**DATASET ENTRIES:**
>>>
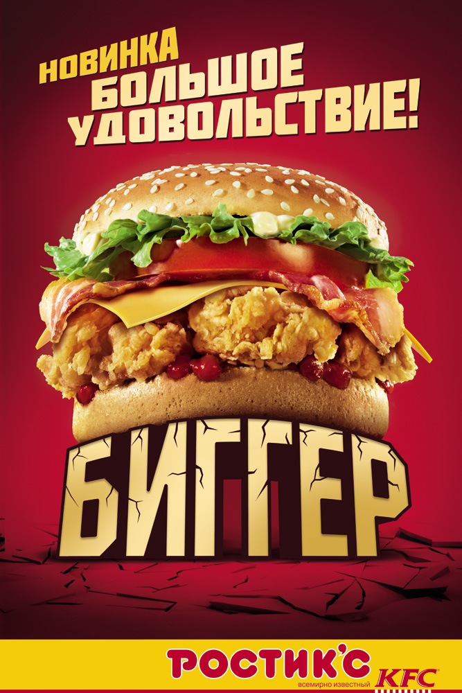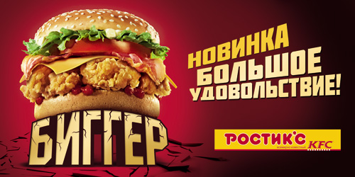 Размер имеет значение: кампания нового продукта РОСТИК'С- KFCРОСТИК'С- KFC расширила линейку сандвичей и представила новый продукт - Биггер. Биггер позиционируется как продукт для тех, кто любит жить активно, на пике эмоций и хорошего настроения, при этом хочет питаться вкусно и сытно. По мнению маркетлогов, он понравится молодым и динамичным жителям современного города, преимущественно мужчинам. Рекламная кампания в поддержку сандвича стартовала 29 марта – т.е. раньше, чем кампания в поддержку «Чикен бекона», несколько похожего на Биггер продукта Mcdonald’s. В рамках кампании по продвижению, рассчитанной на 3 месяца, используется комплекс маркетинговых инструментов, направленных на привлечение посетителей в рестораны сети и знакомство с новым продуктом. В том числе, поддержка внутри ресторана (слайды в меню, плакаты, салфетки на подносах и брендированная униформа кассиров).
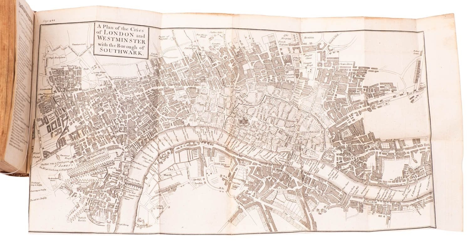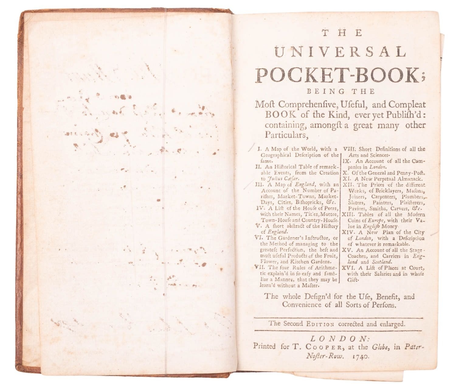 [ANON]. The Universal Pocket Book; being the Most Comprehensive, Useful, and Compleat Book of the Kind, ever yet Publish'd..., the second edition, corrected and enlarged, London: Printed for T. Cooper, at the Globe, 1740, folding double-hemisphere map, folding map of England and Wales, folding plan of London and Westminster (small tear), woodcut head-pieces, illustration, tables, contemp. ink inscriptions to ffep, contemp. panelled calf scuffed, 12mo. [ESTC: T209353]
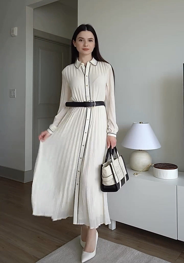 More than just a dress, this piece is a statement of refined taste. From its meticulous pleating to its carefully placed black trim, every detail is designed to make you stand out—effortlessly. Whether you’re celebrating a special moment or elevating your everyday style, this white pleated dress is the perfect blend of elegance and comfort.
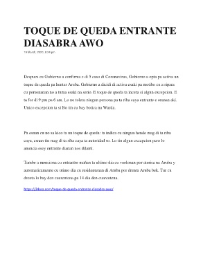 toque de queda pa henter Aruba. Gobierno a dicidi di activa esaki pa motibo cu a ripara
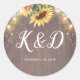 Sunflowers Rustic Country String Lights Wedding Classic Round Sticker
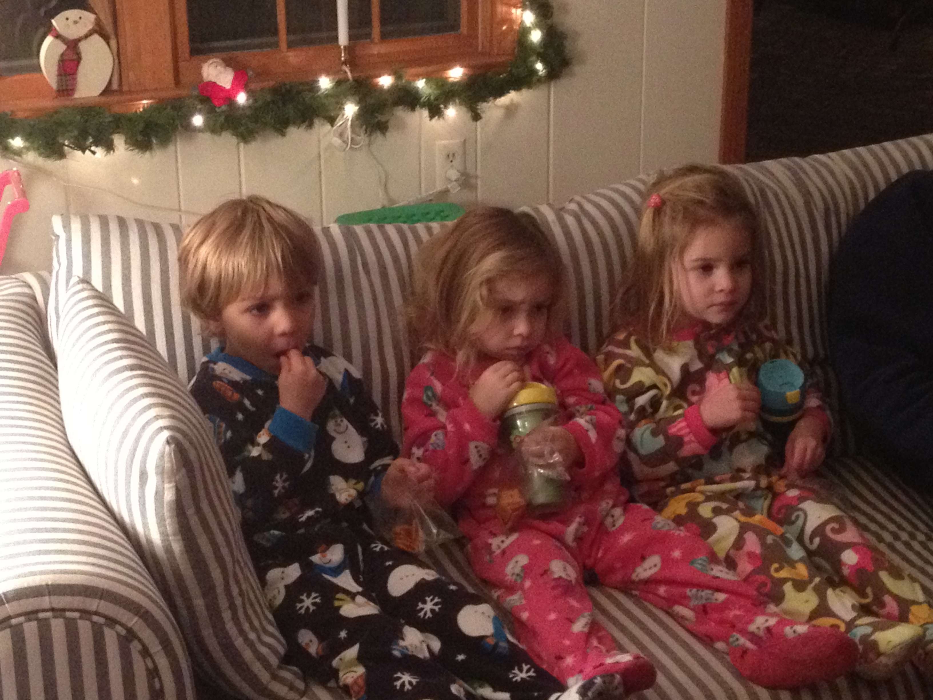 Above: Phoebe considers the circus to be a rather intense experience. Below: the post-bath snackathon. Almost complete silence beyond the strange laugh of curious george and the asynchronous crunching of pretzels.
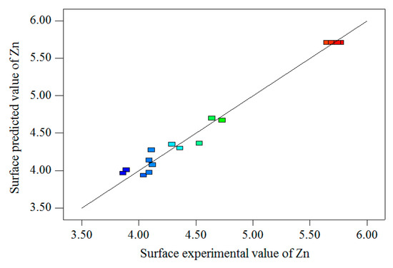 Based on the selected grinding parameters, 17 test combinations of three factors and three levels were designed from the Box–Behnken model. The test sequence was randomly generated by Design Expert 8.0.7 software, and the experimental value ranges of Sn, Pb and Zn were 1.87–5.78, 3.50–4.93, and 3.86–5.77. The analysis shows that the correction coefficient and complex correlation coefficient of three metals in Sn, Pb and Zn are the highest. These two models can be used as the regression equation between the surface test value and the grinding parameter. Through the Design Expert 8.0.7 software analysis and calculation, the fitting equations for Sn, Pb and Zn between the surface test value and the grinding parameter are shown in Equations (6), (7) and (8), with X1, X2, and X3 representing encoded values.
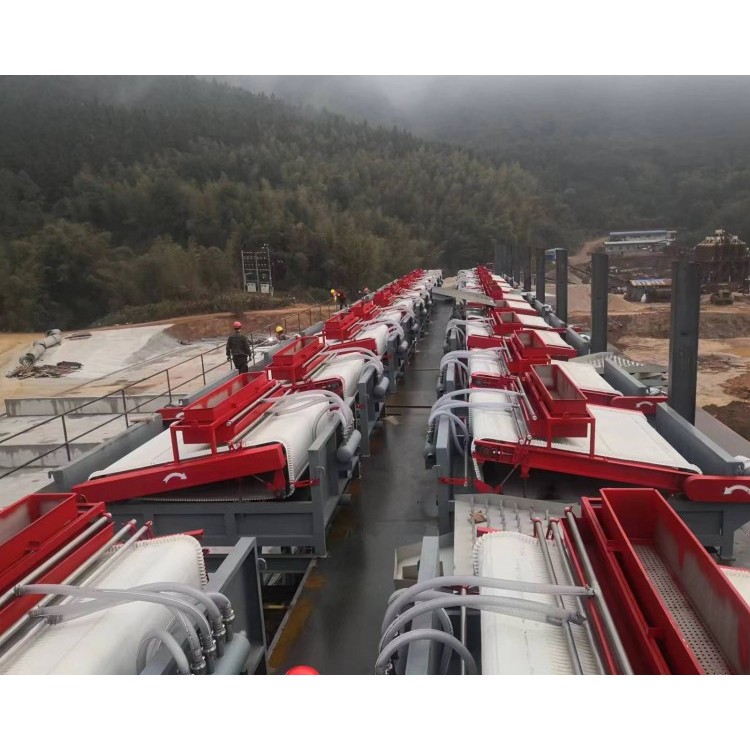 采用带式分选结构,在整个工作区域从进料到出料,物料在皮带的带动下,可对物料进行多次磁搅拌,同时在水流的冲洗作用下,把不含磁的尾矿除去,带有磁性的矿物被皮带输送到板选机的脱磁区,从而将带有磁性的矿物通过脱磁装置脱掉,来完成选矿的过程,整机功率小、处理大,磁场强度高,并达到很好的品质,能够获得大的效益。
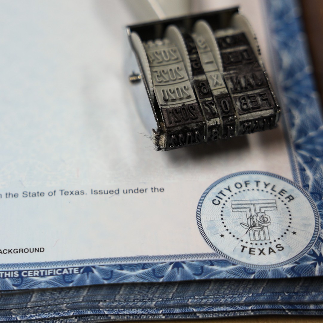 Birth certificates are available for anyone born within Texas since the year 1926 (in most cases). Anyone born within the City of Tyler since the year 1910 can also receive their birth certificate from our office. Death certificates are available to eligible family members of persons who passed in the City of Tyler since 1910.
<<<
**TASK DESCRIPTION:** Quote the entries above word for word. Leave the images out.

**PROBLEM SOLUTION:**
 Размер имеет значение: кампания нового продукта РОСТИК'С- KFCРОСТИК'С- KFC расширила линейку сандвичей и представила новый продукт - Биггер. Биггер позиционируется как продукт для тех, кто любит жить активно, на пике эмоций и хорошего настроения, при этом хочет питаться вкусно и сытно. По мнению маркетлогов, он понравится молодым и динамичным жителям современного города, преимущественно мужчинам. Рекламная кампания в поддержку сандвича стартовала 29 марта – т.е. раньше, чем кампания в поддержку «Чикен бекона», несколько похожего на Биггер продукта Mcdonald’s. В рамках кампании по продвижению, рассчитанной на 3 месяца, используется комплекс маркетинговых инструментов, направленных на привлечение посетителей в рестораны сети и знакомство с новым продуктом. В том числе, поддержка внутри ресторана (слайды в меню, плакаты, салфетки на подносах и брендированная униформа кассиров).
 [ANON]. The Universal Pocket Book; being the Most Comprehensive, Useful, and Compleat Book of the Kind, ever yet Publish'd..., the second edition, corrected and enlarged, London: Printed for T. Cooper, at the Globe, 1740, folding double-hemisphere map, folding map of England and Wales, folding plan of London and Westminster (small tear), woodcut head-pieces, illustration, tables, contemp. ink inscriptions to ffep, contemp. panelled calf scuffed, 12mo. [ESTC: T209353]
 More than just a dress, this piece is a statement of refined taste. From its meticulous pleating to its carefully placed black trim, every detail is designed to make you stand out—effortlessly. Whether you’re celebrating a special moment or elevating your everyday style, this white pleated dress is the perfect blend of elegance and comfort.
 toque de queda pa henter Aruba. Gobierno a dicidi di activa esaki pa motibo cu a ripara
 Sunflowers Rustic Country String Lights Wedding Classic Round Sticker
 Above: Phoebe considers the circus to be a rather intense experience. Below: the post-bath snackathon. Almost complete silence beyond the strange laugh of curious george and the asynchronous crunching of pretzels.
 Based on the selected grinding parameters, 17 test combinations of three factors and three levels were designed from the Box–Behnken model. The test sequence was randomly generated by Design Expert 8.0.7 software, and the experimental value ranges of Sn, Pb and Zn were 1.87–5.78, 3.50–4.93, and 3.86–5.77. The analysis shows that the correction coefficient and complex correlation coefficient of three metals in Sn, Pb and Zn are the highest. These two models can be used as the regression equation between the surface test value and the grinding parameter. Through the Design Expert 8.0.7 software analysis and calculation, the fitting equations for Sn, Pb and Zn between the surface test value and the grinding parameter are shown in Equations (6), (7) and (8), with X1, X2, and X3 representing encoded values.
 采用带式分选结构,在整个工作区域从进料到出料,物料在皮带的带动下,可对物料进行多次磁搅拌,同时在水流的冲洗作用下,把不含磁的尾矿除去,带有磁性的矿物被皮带输送到板选机的脱磁区,从而将带有磁性的矿物通过脱磁装置脱掉,来完成选矿的过程,整机功率小、处理大,磁场强度高,并达到很好的品质,能够获得大的效益。
 Birth certificates are available for anyone born within Texas since the year 1926 (in most cases). Anyone born within the City of Tyler since the year 1910 can also receive their birth certificate from our office. Death certificates are available to eligible family members of persons who passed in the City of Tyler since 1910.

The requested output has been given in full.